- From: Ruben Verborgh (UGent-imec) <Ruben.Verborgh@UGent.be>
- Date: Sun, 16 Dec 2018 22:43:12 +0000
- To: Sandro Hawke <sandro@w3.org>
- CC: "public-n3-dev@w3.org" <public-n3-dev@w3.org>, Gregg Kellogg <gregg@greggkellogg.net>
On 12 Dec 2018, at 00:34, Sandro Hawke <sandro@w3.org> wrote:
>
>> _:g1 { _:x :wrote _:y. _:y log:includes _:g2 . _:x :livesIn _:z}
>> _:g2 {_:z :weather _:w}
>> _:g3 {<Boston> :weather _:y}
>> _:g1 log:implies _:g3 .
>>
>
> Yes, I'm still quite grumpy we didn't include this. It's trivial syntactic sugar, and would have made generalized Trig a superset of N3 at the syntactic level, or very close to it.
The above is how I represent parsed N3 graphs in my N3.js library.
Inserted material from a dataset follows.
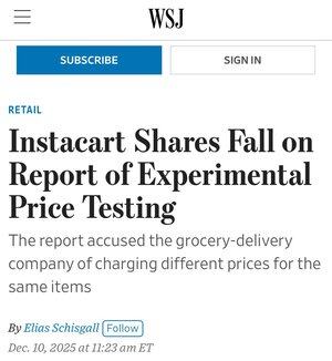 ウォール・ストリート・ジャーナルは、この調査がインスタカートの株価を下落させたと報じています。
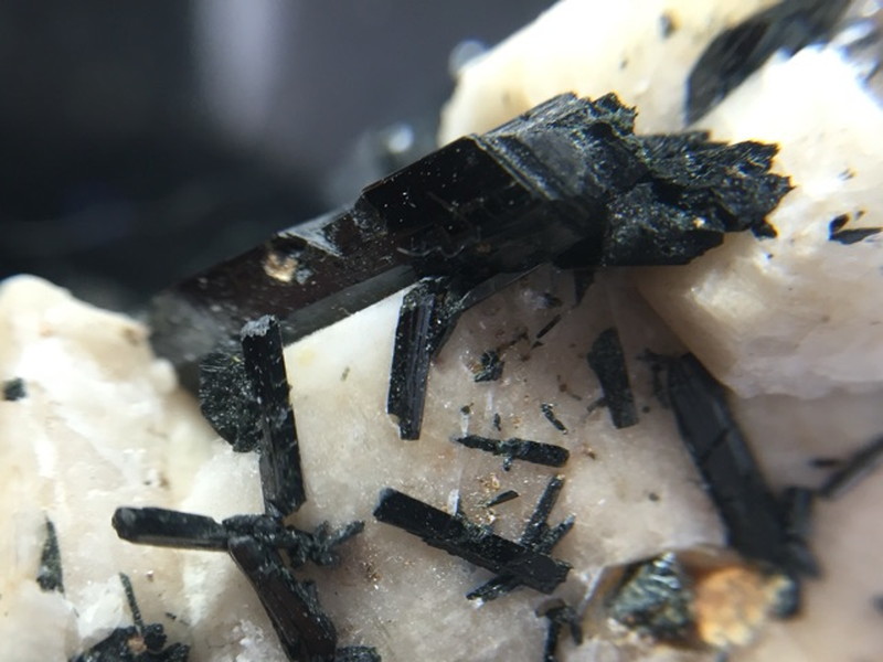 南東アフリカにあるマラウイ共和国の ゾンバ地区マロサ鉱山の正長石。 ![]() 正長石テーブルの上には 様々な鉱物結晶がまぶしてあります。。 ![]() 特に目立つのは漆黒の柱状結晶でしょう。 ![]() これは「エジリン輝石」と言います。 発明王「エジソン」とは違います。 「ソ」じゃなくて「リ」です。 ![]() 仕事柄、小学生の書くカタカナをよく読まされますが 「シ」と「ツ」の違い、「ソ」と「ン」と「リ」の違いは 永遠のロマンスです。 ![]() 小学生の手にかかれば もしかしたらこの石は「エヅソン輝石」になってしまう かもしれません。 ちゃんと書けたら、それこそ「きせき」です。 閑話休題。 水晶片が少し見られますが・・・ ![]() 水晶にエジリン輝石がインクルーズされていますね。 エジリン輝石は鉄とナトリウムを含む単斜輝石で 鉄の代わりにアルミニウムが入ると 「ひすい輝石」になります。 あー、そうか。 長石の方にアルミ全部持っていかれたのか。 なるほど。 さて、短波紫外線を照射してみます。 ![]() 正長石が赤く灯りました。 |

There’s one very awkward detail to it though:
in TriG, there is no guarantee that _:g1 as a graph label
and _:g1 as the label of a subject are pointing to the same thing.
I know you explicitly wrote “syntactic level”,
but the lack of such semantics is a problem,
because there is no way that I can state
“the graph _:g1 and the subject _:g1 are the same thing”,
since I cannot refer to "the graph _:g1” in subject position.
The only way I can think of to fix this,
is to start a document with a triple such as
<> ex:graphLabelsSameAsEntityLabels true.
but that is not very convenient either.